Check out my guide on how to do wiring in a home theater.

How to Extend Home Theater Speaker Wires

Here are some ways to extend wires in a home theater.

Turn Off the Electrical Connections

The first step is the most important part of the process. Leaving on the connections can cause shocks, fires, sparks, shortages, and more.

Luckily, it’s not too challenging to ensure that the connections are turned off. You’ll need a multimeter, then follow the steps listed below:

  • Turn off the breakers. WikiHow mentions that turning off the power is the first step that you should follow. If you don’t want to get shocked in the middle of the procedure, you’ll need to find the break labeled ‘Home Entertainment,’ ‘Living Room,’ or something that identifies the location of the entertainment system.
  • Get a multimeter (also known as a voltmeter) and the breakers to ensure they’re off. The AstroAI Digital Multimeter (Amazon) is a top choice for those looking for a budget-friendly multimeter. For next to nothing, you’ll be able to ensure your safety. Press the positive and negative nodes against the corresponding wires in the breaker box.
  • Head to the other side of the cables connected to the speakers and test them. When you’re finished testing the power at the breaker box, you’re not quite finished. Test the wires at the home entertainment system, so you know it’s turned off. Some cables are incorrectly labeled, so it’s good to follow this step for safety purposes.
  • Close the panel and keep others away from it. Consider using caution tape or electrical tape to keep the breaker box closed while you’re working on this project. Note that many home entertainment systems use 12V plugs, in which case you can unplug it and skip this whole process.

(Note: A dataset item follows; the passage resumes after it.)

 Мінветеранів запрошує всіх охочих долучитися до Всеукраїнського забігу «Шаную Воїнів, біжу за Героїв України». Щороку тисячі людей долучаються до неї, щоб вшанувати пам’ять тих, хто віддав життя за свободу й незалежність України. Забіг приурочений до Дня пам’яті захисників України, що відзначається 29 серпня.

As you can see, turning off and testing your electrical connections is easy, but it’s crucial. If you want to keep yourself and your belongings safe from harm, these steps are more than necessary. They’re not too complicated, and the whole process takes about two minutes from end to end.

Disconnect the Speakers

Disconnect the Speakers

Next, you’ll need to disconnect the speakers from the entertainment system. This might seem obvious, but you’d be surprised to know the number of people who forget it. There are multiple types of speaker systems, some of which connect directly into the wall and others that connect to the entertainment system via gauge wire.

Let’s break down both types below:

  • If your speakers are attached to the home entertainment system, you’ll need a screwdriver. Unscrew the connections to free the wire, then place the speaker aside. Continue this process for every speaker, ensuring that you keep the wires separate and labeled to correspond with the right speaker.
  • If your speakers plug into the wall, all you have to do is unplug them and set them aside. Note that some speakers are wired together, then wired into a wall outlet. In those circumstances, you could label them as you did in the previous step or keep them wired together and unplugged at the outlet.

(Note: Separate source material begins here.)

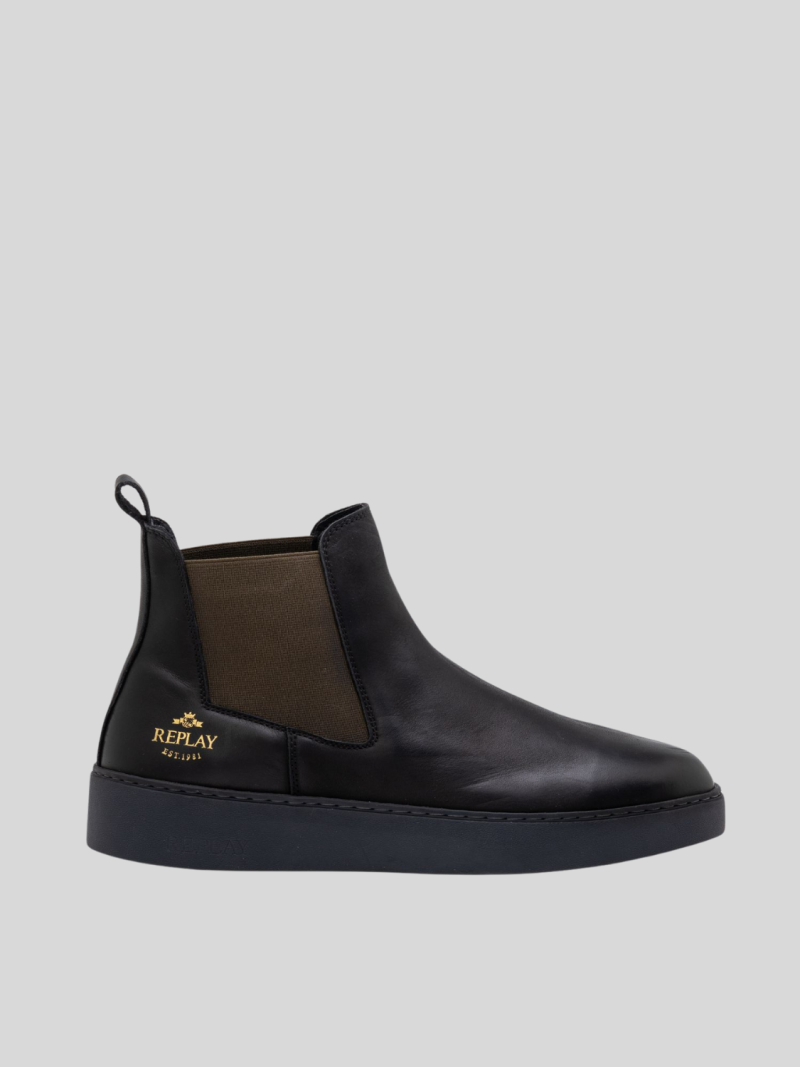 Accordion chevron Chelsea boot with a round toe. Easy to slip on with the Replay Pull-Tab and has elastic gusset. The Chelsea La Boot has a leather Upper and rubber sole.

Disconnecting the speakers allows you to keep everything neat and organized. You won’t have to worry about going back and forth, trying to figure out which wire goes to which speaker. Instead, you’ll have everything labeled and ready to go when you get back from the hardware store.

Note: Since most home entertainment systems have speakers that use gauge wire connected into the system, that’s the type of extensions we’ll cover in this article.

If you want to extend your home entertainment speakers that use a traditional wall outlet, all you have to do is get a long extension cord that has a built-in breaker.

When you’re ready to get started and find the necessary supplies, proceed to the next section.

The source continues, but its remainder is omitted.